[Lustre-discuss] problem with installing lustre and ofed

2012-12-28 Thread Jason Brooks
Hello,

I am having trouble installing the server modules for  lustre 2.1.4 and use 
mellanox's OFED distribution so we may use infiniband.  Would you folks look at 
my procedure and results below and let me know what you think?  Thanks very 
much!

The mellanox ofed installation builds and installs some kernel modules too, so 
I used this method to ensure OFED compiled against the correct kernel.  This is 
on centos 6.3.

 1.  download all lustre rpms from whamcloud
 2.  install kernel, kernel-firmware, kernel-headers, and kernel-devel
*   in this case, it's the rpm files with 
"2.6.32-279.14.1.el6_lustre.x86_64" in their name
 3.  reboot into this lustre kernel
 4.  install the remaining rpms
 5.  download ofed from mellanox 
"MLNX_OFED_LINUX-1.5.3-3.1.0-rhel6.3-x86_64.iso"
*   build mellanox ofed bits using the lustre kernel and kernel-devel info
*   install mellanox ofed
 6.  reboot
 7.  upon reboot, if I do NOT have o2ib3 in my lnet networks parameters, I can 
modprobe lnet and lustre.
 8.  if I DO have o2ib3 present in the lnet parameters, running modprobe lustre 
gets me:

ib/modules/2.6.32-279.14.1.el6_lustre.x86_64/updates/kernel/fs/lustre/fld.ko): 
Input/output error
WARNING: Error inserting fid 
(/lib/modules/2.6.32-279.14.1.el6_lustre.x86_64/updates/kernel/fs/lustre/fid.ko):
 Input/output error
WARNING: Error inserting mdc 
(/lib/modules/2.6.32-279.14.1.el6_lustre.x86_64/updates/kernel/fs/lustre/mdc.ko):
 Input/output error
WARNING: Error inserting osc 
(/lib/modules/2.6.32-279.14.1.el6_lustre.x86_64/updates/kernel/fs/lustre/osc.ko):
 Input/output error
WARNING: Error inserting lov 
(/lib/modules/2.6.32-279.14.1.el6_lustre.x86_64/updates/kernel/fs/lustre/lov.ko):
 Input/output error
FATAL: Error inserting lustre 
(/lib/modules/2.6.32-279.14.1.el6_lustre.x86_64/updates/kernel/fs/lustre/lustre.ko):
 Input/output error


dmesg shows:
ko2iblnd: disagrees about version of symbol ib_fmr_pool_unmap
ko2iblnd: Unknown symbol ib_fmr_pool_unmap
ko2iblnd: disagrees about version of symbol ib_create_cq
ko2iblnd: Unknown symbol ib_create_cq
…





___
Lustre-discuss mailing list
Lustre-discuss@lists.lustre.org
http://lists.lustre.org/mailman/listinfo/lustre-discuss


[Lustre-discuss] problem with installing lustre and OFED

2013-01-02 Thread Ms.
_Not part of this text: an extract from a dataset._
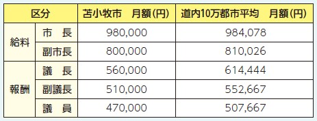 特別職の給料・報酬は市議会の審議を経て「苫小牧市特別職の職員の給与に関する条例」で定められています。
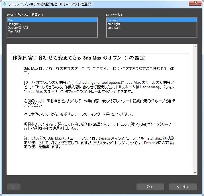 選択した既定値の設定および UI スキームを 3ds Max に適用します。

Megan Larko
Greetings Jason,

As you have most likely discovered, Mellanox (MLNX) needs to be built
into the lustre linux kernel to use InfiniBand.
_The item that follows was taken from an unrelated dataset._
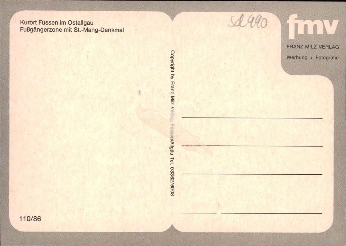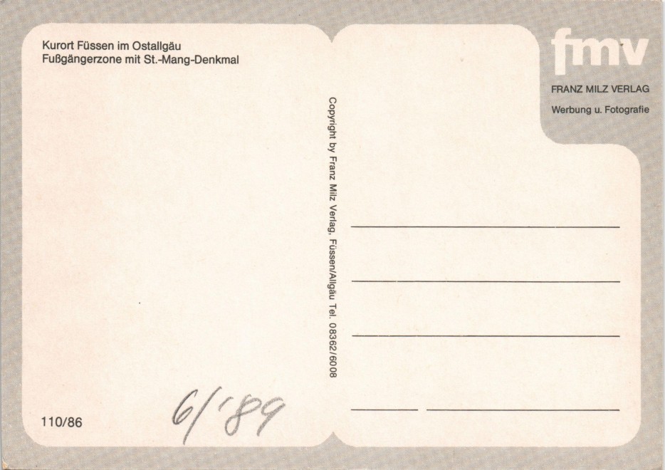 - Ansichtskarte Füssen Fußgängerzone mit St.-Mang-Denkmal 1986

I worked on such an issue recently.   The Whamcloud linux kernel
2.1.2-2.6.32_220.17.1.el6_lustre would not work with our Mellanox
InfiniBand (IB) drivers optimally.  We got the MLXN version 1.8.5 to
match our Mellanox hardware and had to do the dance already described
to you in this list of...
1.   downloading all of the appropriate (Whamcloud) lustre linux
kernels, header and devel rpms
2.   boot into the lustre kernel
3.   in our /usr/src/lustre-2.1.2 directory built lustre against the
Mellanox "Module.symvers" information (which is why you see the
"Input/Output" errors on fid.ko, mdc.ko, osc.ko, lov.ko and because of
the aforementioned items, the lustre.ko.   The MLNX version 1.8.5 that
we needed was in the /usr/src/ofa_kernel directory (with the
Module.symvers etc)  We used the defaults other than the o2ib so
our command in the /usr/src/lustre-2.1.2 directory looked like
"./configure --with-o2ib=/usr/src/ofa_kernel"
4.   next we issued "make"
5.   next we chose to run a "make rpms" command so that we could have
rpms for our system for cluster re-building

We had to do this for *both* our lustre servers and lustre clients
(using the lustre-client Whamcloud kernel, headers, ...   So we had
the servers and the clients communicating properly over the MLNX ib
fabric.

In /etc/modprobe.d  we used a lustre.conf file to explicitly direct
the system to use the o2ib network when starting lustre at boot.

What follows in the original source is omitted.